Сыро, грязно и скучно было в порту. И Степан отвернулся.

Он по-прежнему обхватил колени руками и зарыл в них голову.

Постороннему могло бы показаться, что Степан в данный момент занят какой-нибудь думой, навеянной осенью, и что эта дума, как червь, сосет и гложет его.

Но он ошибся бы. Степан ровно ни о чем не думал, хотя низкий лоб у него то и дело морщился.

Да ему и думать-то было не о чем. Все им было давно передумано.

В свое время бесконечно длинными зимними и осенними вечерами он думал о тех милых близких, которых он бросил, о возвращении к ним, о новой совместной с ними жизни, он думал и мечтал о работе на пользу страждущего ближнего, о торжестве добра и правды.

Он думал обо всем этом в продолжение двадцати лет пребывания своего в карантине, пока мозг у него наконец устал думать.

И Степан постепенно забыл о своих близких, о возвращении к ним, о совместной с ними жизни и несбыточном торжестве добра и правды.
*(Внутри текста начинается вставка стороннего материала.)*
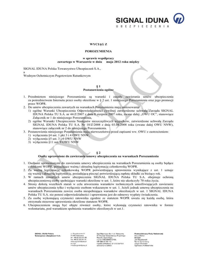 WYCIĄG Z POROZUMIENIA w sprawie współpracy zawartego w Warszawie w dniu maja 2012 roku między SIGNAL IDUNA Polska Towarzystwo Ubezpieczeń S.A., a Wodnym Ochotniczym Pogotowiem Ratunkowym §1 Postanowienia ogólne 1. Przedmiotem niniejszego Porozumienia są warunki i zasady zawierania umów ubezpieczenia za pośrednictwem Internetu przez osoby określone w § 2 ust. 1 niniejszego Porozumienia oraz jego promocji przez WOPR. 2. Do umów ubezpieczenia zawartych na warunkach Porozumienia mają zastosowanie: 1) ogólne Warunki Ubezpieczenia Odpowiedzialności cywilnej zatwierdzone uchwałą Zarządu SIGNAL IDUNA Polska TU S.A. nr 44/Z/2007 z dnia 8 sierpnia 2007 roku, zwane dalej „OWU OC”, stanowiące Załącznik nr 1 do niniejszego Porozumienia, 2) ogólne Warunki Ubezpieczenia Następstw nieszczęśliwych wypadków, zatwierdzone uchwałą Zarządu SIGNAL IDUNA Polska TU S.A. Nr 10/Z/2008 z dnia 03.04.2008 roku (zwane dalej OWU NNW), stanowiące załącznik nr 2 do niniejszego Porozumienia. 3. Postanowienia niniejszego Porozumienia mają pierwszeństwo przed zapisami ww. OWU z zastrzeżeniem: 1) wyłączenia §4 ust. 1 pkt 3 i 4 OWU NNW, 2) wyłączenia §5 ust. 3 i 4 OWU NNW 3) wyłączenia §11 ust. 9 OWU NNW §2 Osoby uprawnione do zawierania umowy ubezpieczenia na warunkach Porozumienia 1. Osobami uprawnionymi do zawierania umowy ubezpieczenia na warunkach Porozumienia są osoby będące członkami WOPR, posiadające ważną i aktualną legitymację członkowską WOPR. 2. Za ważną legitymację członkowską WOPR potwierdzającą uprawnienia wynikające z ust. 1 uznaje się ważną i aktualną legitymację, posiadającą pieczęć potwierdzającą zapłatę składki za bieżący rok. 3. W ramach zawartych umów ubezpieczenia SIGNAL IDUNA Polska TU S.A. obejmuje ochroną ubezpieczeniową osoby spełniające warunki określone w ust. 1, które nie ukończyły 70 roku życia. 4. Strony dołożą wszelkich starań w celu utworzenia warunków technicznych umożliwiających zawieranie umów ubezpieczenia tylko i wyłącznie osobom wskazanym w ust. 1. Jeżeli jednak umowę ubezpieczenia na warunkach Porozumienia zawrze osoba niespełniająca warunków określonych w ust. 1 SIGNAL IDUNA Polska TU S.A. nie ponosi odpowiedzialności i uprawniona jest do odmowy wypłaty świadczenia. 5. Za osobę wykonującą czynności ratownika zgodnie ze statutem WOPR uważa się każdą osobę, która otrzymała stosowne uprawnienia określone statutem WOPR. 6. Ubezpieczeniem mogą być objęte również osoby, które wykonują czynności ratownika w formie wolontariatu, pod warunkiem spełnienia warunków określonych w ust.1. §3 Zawieranie umowy ubezpieczenia 1. Zawieranie umowy ubezpieczenia przez osobę uprawnioną na warunkach Porozumienia następuje za pośrednictwem Internetu i przy użyciu odpowiedniej aplikacji informatycznej. 2. Korzystanie z aplikacji informatycznej możliwe będzie za pośrednictwem strony internetowej www.wopr.pl. 3. Użytkownik – Ubezpieczający, po uruchomieniu aplikacji będzie mógł dokonać porównania wariantów ubezpieczenia, zapoznać się z postanowieniami OWU oraz części Porozumienia dotyczącej przedmiotu i zakresu ubezpieczenia, sum ubezpieczenia oraz wysokości składek (zawartych w § 5, 6, 7 Porozumienia) dotyczącego zakresu ubezpieczenia, a następnie po wypełnieniu wymaganych pól przejść do etapu zawarcia umowy ubezpieczenia (uzyskać ochronę ubezpieczeniową). Jednym z wymaganych pól będzie złożenie przez osobę przystępującą do ubezpieczenia oświadczenia o spełnianiu warunków określonych w § 2 i o poprawności przedstawionych danych osobowych, którego zakres określony został w załączniku nr 2 do niniejszej umowy. Proces zawierania umowy ubezpieczenia na warunkach Porozumienia zamyka etap opłacenia składki ubezpieczeniowej. Po opłaceniu składki ubezpieczeniowej osoba uprawniona otrzyma na podany adres e-mail potwierdzenie udzielenia ochrony ubezpieczeniowej przez SIGNAL IDUNA Polska TU S.A., w którym zawarte zostaną wszystkie istotne informacje (ww. potwierdzenie wg wzoru określonego w Załączniku nr 3). §5 Przedmiot i zakres ubezpieczenia 1. Przedmiotem ubezpieczenia są: 1) następstwa nieszczęśliwych wypadków w związku z wykonywaniem czynności ratownika, 2) odpowiedzialność cywilna z tytułu wykonywania czynności ratownika. 2. Zakres ubezpieczenia odpowiedzialności cywilnej obejmuje szkody osobowe i rzeczowe wynikające z popełnienia czynu niedozwolonego przez osoby wykonujące czynności ratownika. Ochrona ubezpieczeniowa nie obejmuje szkód: 1) wyrządzonych wskutek rażącego niedbalstwa, 2) OC za produkt, 3) spowodowanych nieprzestrzeganiem przepisów BHP 4) powstałych pod wpływem alkoholu lub środków odurzających. 3. Zakres ubezpieczenia następstw nieszczęśliwych wypadków obejmuje śmierć lub trwały uszczerbek na zdrowiu powstały wskutek nieszczęśliwego wypadku w związku z wykonywaniem czynności ratownika (ochrona ubezpieczeniowa jest ograniczona czasowo do wypadków powstałych podczas wykonywania czynności ratownika). 4. Zakres terytorialny odpowiedzialności ubezpieczyciela obejmuje: 1) dla ubezpieczenia odpowiedzialności cywilnej (Wariant I, IIA i III) - teren Rzeczpospolitej Polskiej, 2) dla ubezpieczenia odpowiedzialności cywilnej (Wariant IIB) - teren Rzeczpospolitej Polskiej i Europy, 3) dla ubezpieczenia następstw nieszczęśliwych wypadków - teren całego świata. 1. Do umów ubezpieczenia zawartych na warunkach Porozumienia będą miały zastosowanie wyłączenia wskazane w OWU OC oraz OWU NNW. §6 Sumy ubezpieczenia (warianty ubezpieczenia) 1. Na warunkach niniejszego Porozumienia mogą być zawierane umowy z następującymi sumami i limitami ubezpieczenia: WARIANT Suma ubezpieczenia NNW (trwały uszczerbek) Suma ubezpieczenia NNW (śmierć) Suma gwarancyjna OC I 10 000,00 zł 5 000,00 zł 30 000,00 zł IIA 25 000,00 zł 12 500,00 zł 100 000,00 zł IIB 25 000,00 zł

Карантинная грязь, «сливки от бешеной коровы» (водка), проклятая угольная пыль, проклятые «штифты» (паразиты), пьющие запоем «дикарскую» кровь, ужасы зимней безработицы и общество «дикарей» без веры, без почвы под ногами, без надежды на светлое будущее, общество людей, потерявших человеческий облик, их горячечный бред ночью и пессимизм, доходящий до всеотрицания, до отрицания красоты, счастья и цели в жизни, вытравили из мозга и сердца Степана все, все без исключения.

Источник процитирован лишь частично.